Le petit royaume que j'habite se situe au Nord de l'Europe. Les températures nocturnes y flirtent habituellement avec le zéro degré en cette saison.

Les représentants de la majorité du petit royaume expliquent doctement que les chômeurs doivent crever de faim pour trouver un emploi. Ils expliquent que l'emploi est la seule forme digne de travail, la seule façon légitime de gagner de l'argent - en quoi ils sont d'accord avec l'opposition et les syndicats du petit royaume.
Alors, les chômeurs d'hier qui pouvaient se payer un loyer, un coiffeur, des formations, des remises à niveau, des savonnettes et des costumes ne peuvent plus rien se payer. Ils sont à la rue parce que, nous explique le gouvernement, ils doivent chercher un emploi.
Mais quel employeur voudrait d'un clochard dans son entreprise?
Alors demain, les petits commerçants chez qui les anciens-chômeurs-nouveaux-clochards se ravitaillaient vont faire faillite faute de clients. Les propriétaires immobiliers qui louaient leur bien à ces chômeurs n'auront plus ces rentrées et vont, à leur tour, diminuer leur consommation dans les commerces du coin.
En deuxième ligne, donc, les commerces vont faire faillite, la classe moyenne va se paupériser soit faute de clientèle, soit parce qu'elle va devoir garder et financer ses enfants sans emploi jusqu'à leur mort, soit enfin parce qu'elle sera écrasée par les taxes qui payeront les policiers.
Quels policiers? Eh bien, ceux qui éviteront que les nouveaux clochards ne se laissent pas mourir de faim, ceux qui les empêcheront de s'organiser pour piller les magasins ou les banques pour ne pas mourir de faim.
En troisième ligne, les salariés affligés d'un emploi verront leur salaire diminuer puisqu'ils seront menacés par la rue, par la misère absolue. Les usines verront leurs carnets de commande fondre comme neige au soleil puisque les commerçants qui vendent les produits auront fait faillite faute de clients.
Derrière l'armée de prolétaires en haillons que notre gouvernement nous concocte, c'est une guerre à l'économie qui se profile.

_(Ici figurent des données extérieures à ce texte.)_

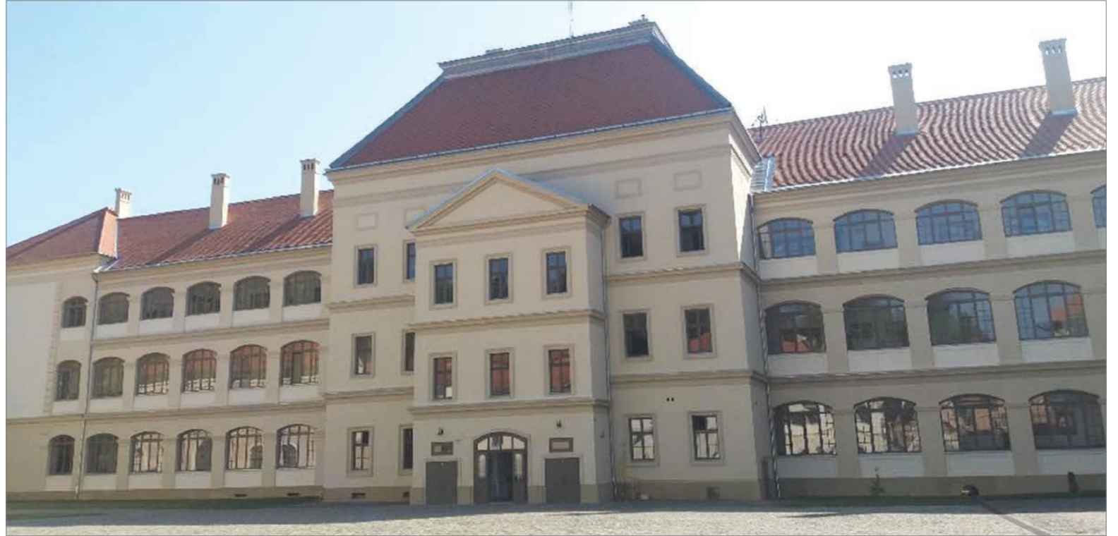
A felújított Bethlen Gábor Kollégium főépülete az iskola udvaráról

Még szerencse, hogy sikerül uniós pénzt lehívni, az enyedi hét pályázatát fogadta el az Európai Unió. Van, ami a városházi ügyfélfogadás hatékonyabbá tételére vonatkozik, de szociális jellegű is akad. A Máltai Szeretetszolgálat közösen elnyert terv keretében felújítanak egy önkormányzati

Imaginez que l'on donne un salaire inconditionnel à tous. Les commerçants retrouvent leurs clients, les carnets de commandes se remplissent et les clochards sont salariés (éventuellement pour ne rien faire, cela n'a pas beaucoup d'importance), les exigences de qualité de travail et de salaire augmente. L'économie reprend.
Mais ce qui manque à ce petit gouvernement de ce petit royaume docile aux bureaucrates hostiles à la démocratie, c'est une chose devenue rare, un parfum d'aventure collectif, le goût de l'avenir. Ce qui leur manque, c'est l'ambition.
Le fait que, à New-York, dans une grande république, le nombre de sans-abris passe les 60.000 ne console en rien. Cela veut dire que la guerre au salaire et à l'économie fait rage là-bas aussi. En grand.